第10回「フランス食べ歩き紀行」

「パリのラーメンを食べよう!」

何を隠そう、僕が一番好きな食べ物はラーメンである。お昼ご飯に迷ったらラーメン、ストレス解消にラーメン、宴席のシメにラーメン。週に一回は店で食べないとなんとなくムズムズしてしまう。乾麺ではとうてい満足できない。そんなわけで、フランスにいてもラーメンを定期的に食べた。

しかし、値段は日本の倍、10ユーロ(約1300円)が相場だ。それに郊外の大学から通うとなると、往復一時間もかかってしまう。味だって当たり外れが大きい。いやいや、それくらいどうってことはない。いわばラーメンはメンタルヘルスのための処方薬なのだ。何度となく自分に言い聞かせる。

どさん子、ヒグマ、EBIS、KODAWARI、などたくさん通ったけれど、今回はそのうち3店をご紹介させていただきたい。

最初に通ったのが「博多ちょうてん」。博多らしい細麺に、ちゃんと豚骨からとった白湯スープがたまらなくおいしかった。ラー油や付け合わせの紅ショウガも常備してある。それになんと言っても、日本でも有名だったというギョウザ。パリパリの皮にジューシーな肉汁がつまったオーソドックスなギョウザである。ちょうどラーメンの休憩に食べやすいサイズで、ランチセットにできるのがうれしかった。(惜しむらくは、途中で麺が変わってしまったことだが、それでもまずまずのおいしさだった)

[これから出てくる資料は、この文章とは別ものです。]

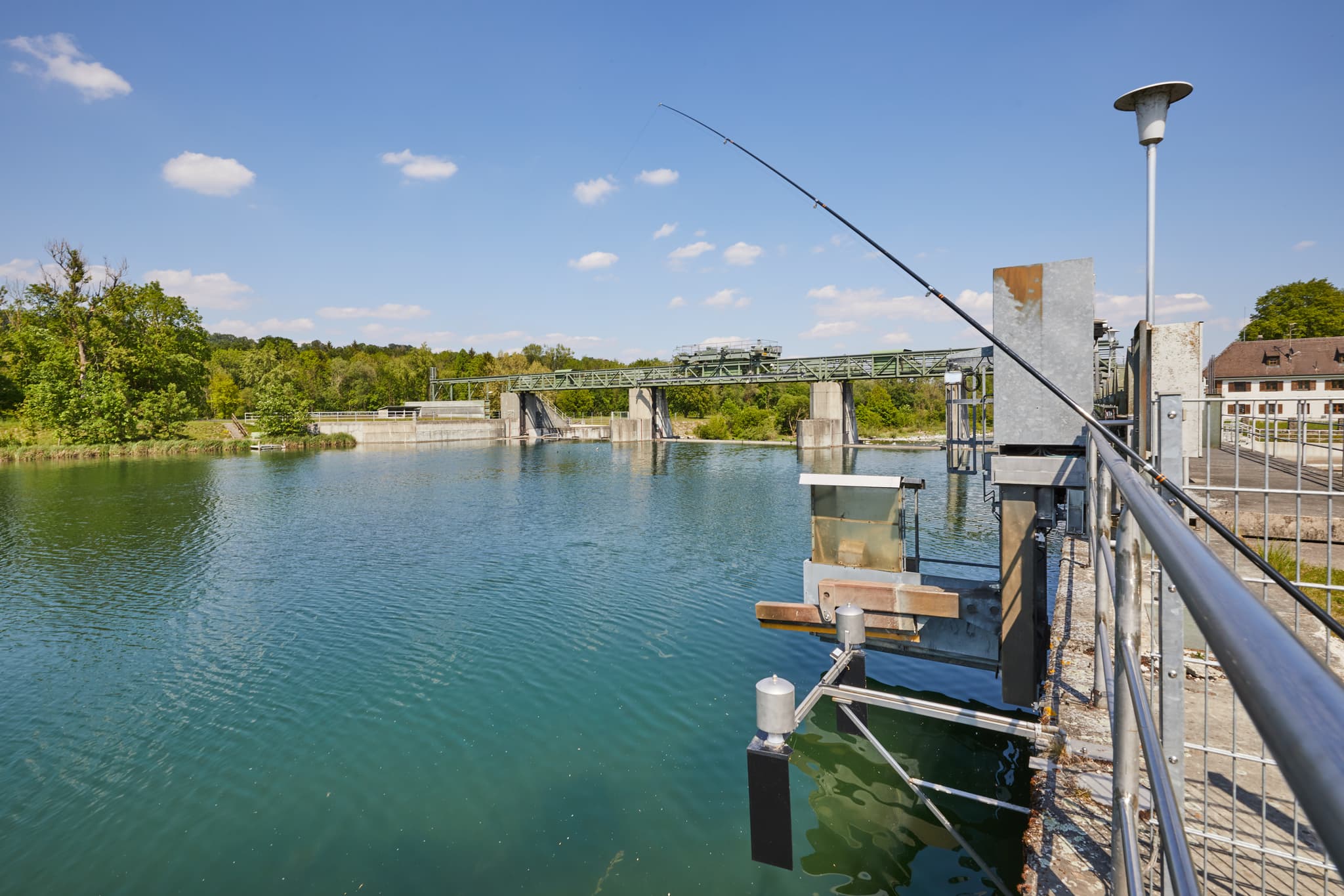 Alz bei Burgkirchen-Hirten, Burgkirchen, Landkreis Altötting, Oberbayern, Inn-Salzach, Deutschland. Flusslandschaft mit Wehranlage, Ufern, Radweg.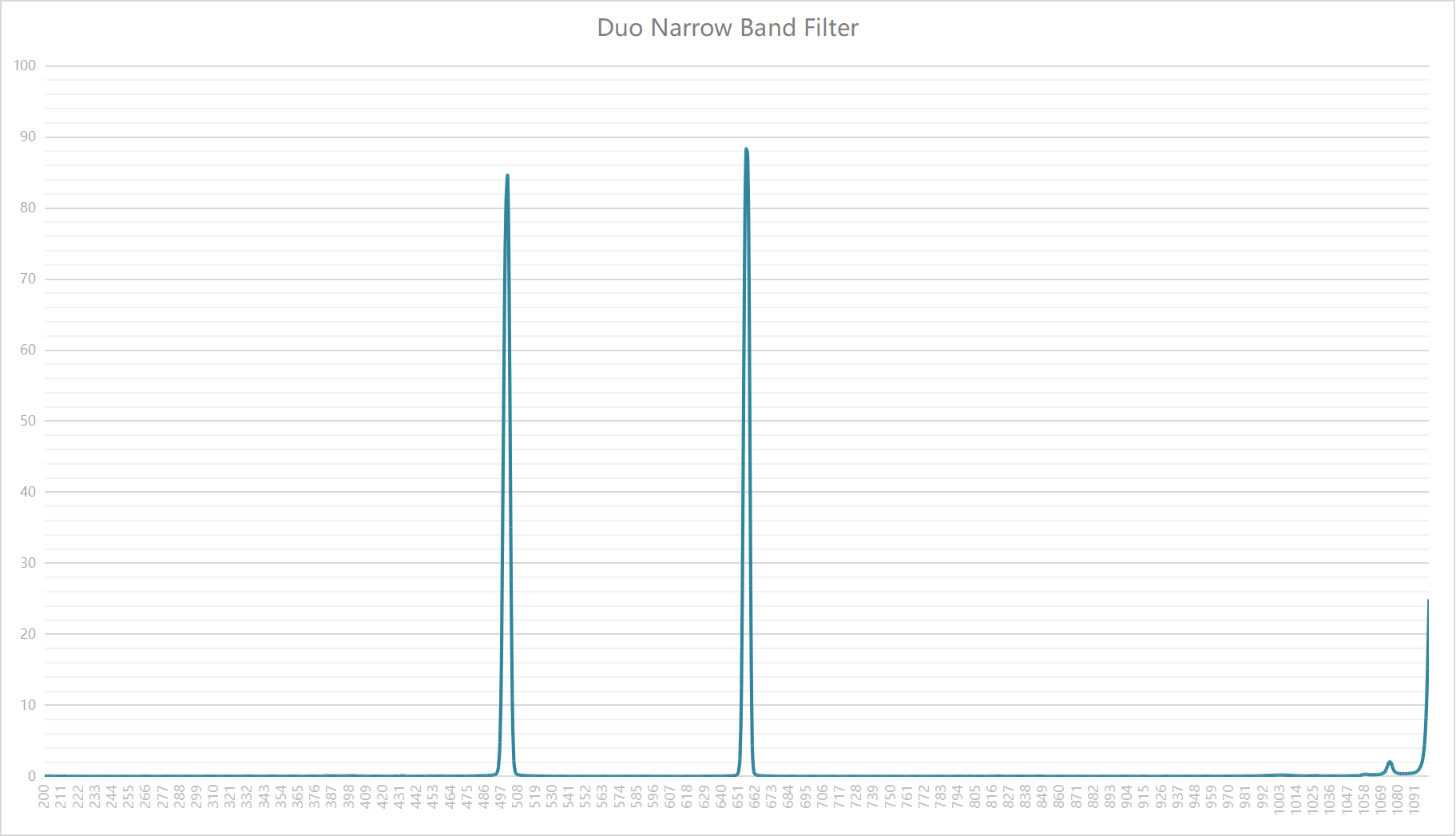 Filtr ten charakteryzuje się transmisją na poziomie 88% dla linii liniach widmowych emitowanych przez zjonizowane atomy wodoru (Hα) oraz tlenu (OIII). W połączeniu z wydajnym wycięciem linii widmowych charakterystycznych dla lamp sodowych i rtęciowych, pozwala to na zarejestrowanie ostrych i kontrastowych obrazów nawet, w pobliżu dużych miast lub podczas jasnych, księżycowych nocy. Filtr charakteryzuje się bardzo małą szerokością połówkową pasm przepuszczania, wynoszącą jedynie 3 nm, dzięki czemu umożliwia on uzyskanie znacznie lepszego kontrastu i o wiele ciemniejszego tła niż w przypadku filtrów dwupasmowych o szerszym oknie transmisji.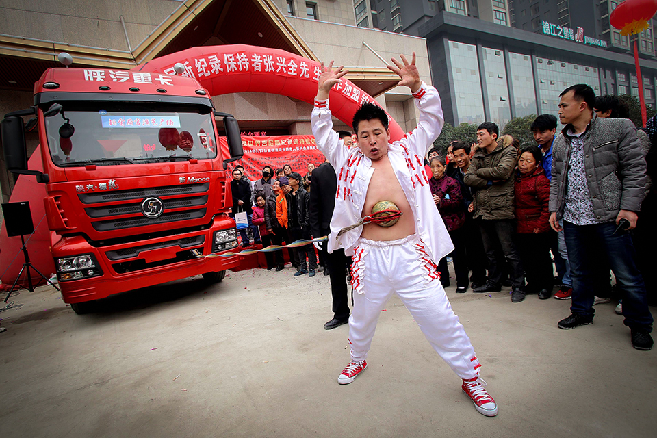 2014年3月2日,西安,张兴全表演肚皮吸碗拉汽车。他将一个约4斤重的铁碗牢牢地吸附在肚皮上,并在碗柄上系了一根粗绳子,绳子的另一头是一辆自重10吨的大卡车。随着张兴全发力,大卡车开始移动。1米、2米……一共拖行了10米距离。 梁萌/CFP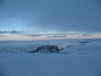 Спуск с перевала значительно более пологий, нежели подъем. Сначала двигались пешком в кошках. Потом их сняли. Потом Глаз одной ногой провалился возле огромного камня в какую-то полость. Это было намеком на то, что нужно становиться на лыжи. До Имандры оставалось 18 километров. Спуск не очень крутой. Поэтому на лыжах мы шли удобно и быстро. Ближайший плоский снежный склон розовел в вечернем солнце. Пацаны с момента спуска шли не очень хорошо. В дебри решили не лезть. С появлением первых кустов встретили уже готовую ветрозащитную стенку. Здесь стать и порешили. Не знаю что там было вчера, но сегодня обещался сильный мороз. Место последней ночевки попалось особенно живописным. Морозное небо на фоне снежных склонов казалось особенно глубоким и прозрачным.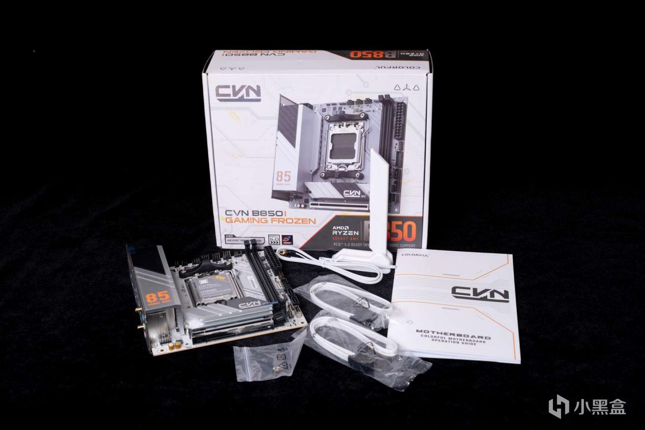 这次装机要用到的就是B850芯片组的ITX,隶属于CVN系列的B850I Frozen V14登陆舰主板。配件比较简单,SATA线、天线、说明书和M.2螺丝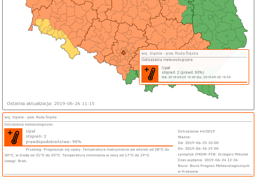 Biuro Prognoz Meteorologicznych ostrzega także przed upałami na obszarze Rudy Śląskiej do godz. 19.00 w dniu 26 czerwca. Temperatura maksymalna w środę wyniesie od 31°C do 33°C. Temperatura minimalna w nocy od 17°C do 19°C.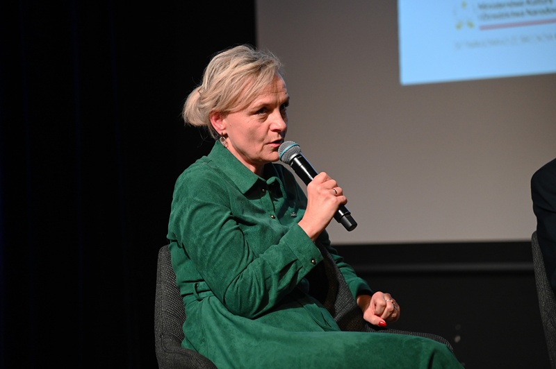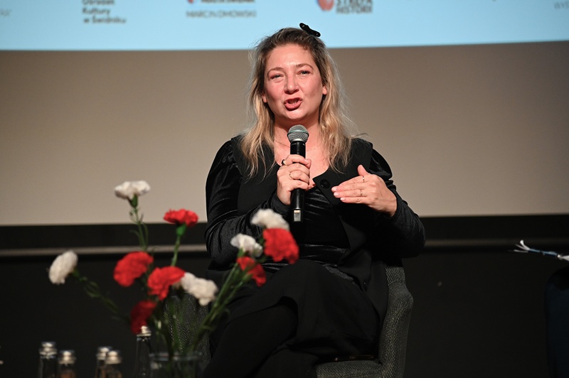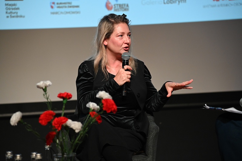 – W filmie „Wałęsa”, reżyserowanym przez wielkiego Andrzeja Wajdę, dochodzi do ogromnego przeinaczenia. Otóż w kadrze obrazującym tę sytuację, jej bohaterem jest mężczyzna. Myślę, że sztuka współczesna ma ogromną rolę w edukacji historycznej. Na całe szczęście jest ona często elementem sztuki. Przykładem jest praca znanej artystki Zuzanny Janin, która z kadru filmu Wajdy wycina mężczyzną i wkleja Osowską, Pieńkowską i Walentynowicz. To przyczynek do refleksji historycznej, a dzięki niej odkłamywania historii. Rolą artystów jest jednak nie tylko przywracanie pamięci o „wygumkowanych” kobietach, ale również mówić o współczesnych problemach, a tych mamy wiele – tłumaczyła Marta Czyż.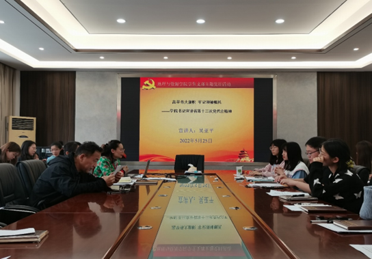 为深入学习贯彻省第十三次党代会精神,5月25日下午,学院党委书记吴亚平为beat365英国官网网站地理科学类学生党支部和资源环境类学生党支部党员宣讲贵州省第十三次党代会精神。学生党支部全体党员参加。
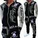 New Men's Sports Set Hooded Letter Colored Personalized Hip Hop Zipper Cardigan Men's Sports Set

次は「ナリタケラーメン」。いわゆる二郎系ではないものの、ボリューミーな背脂こってり系ラーメンで麺の量も多い。半ライスも1.5ユーロ(約200円)ほどでお手頃。日本でイメージするスタミナ系ラーメンからすると、コクもにおいもマイルドだし、スープにほんのりと洋風の香り(バターのような香ばしさ)がする。でも、こうした要素は決してマイナスではない。これはこれでアリだ。

そして、最後にお世話になったのは「一風堂」。日本でも超がつくほど有名店だから、フランス進出は綿密なマーケティングに裏打ちされているのだろう。アクセスのいいレアール(Les Halles)駅近くの立地、行き届いたサービス、パリならではの建造物を利用したインテリアがまず印象的だ。

メニューはこんな感じ(写真)。パリではオリジナルの「茸香るベジ麺」が人気らしいのだけれど、僕はオーソドックスなSHIROMARU(白丸)を注文する。スープの中でニボシが主張強めであることと、塩味が少ししっかりめであることを除けば、見た目も味もほとんど日本のものと同じだ。とんこつのマイルドなうまみ、甘みはそのままで、チャーシューは少しだけ洋風かな。ネギも割と新鮮だし、キクラゲも素晴らしい。麺はもうすこしもちもちしててもいいけれど、あーこれこれという歯ごたえと塩味。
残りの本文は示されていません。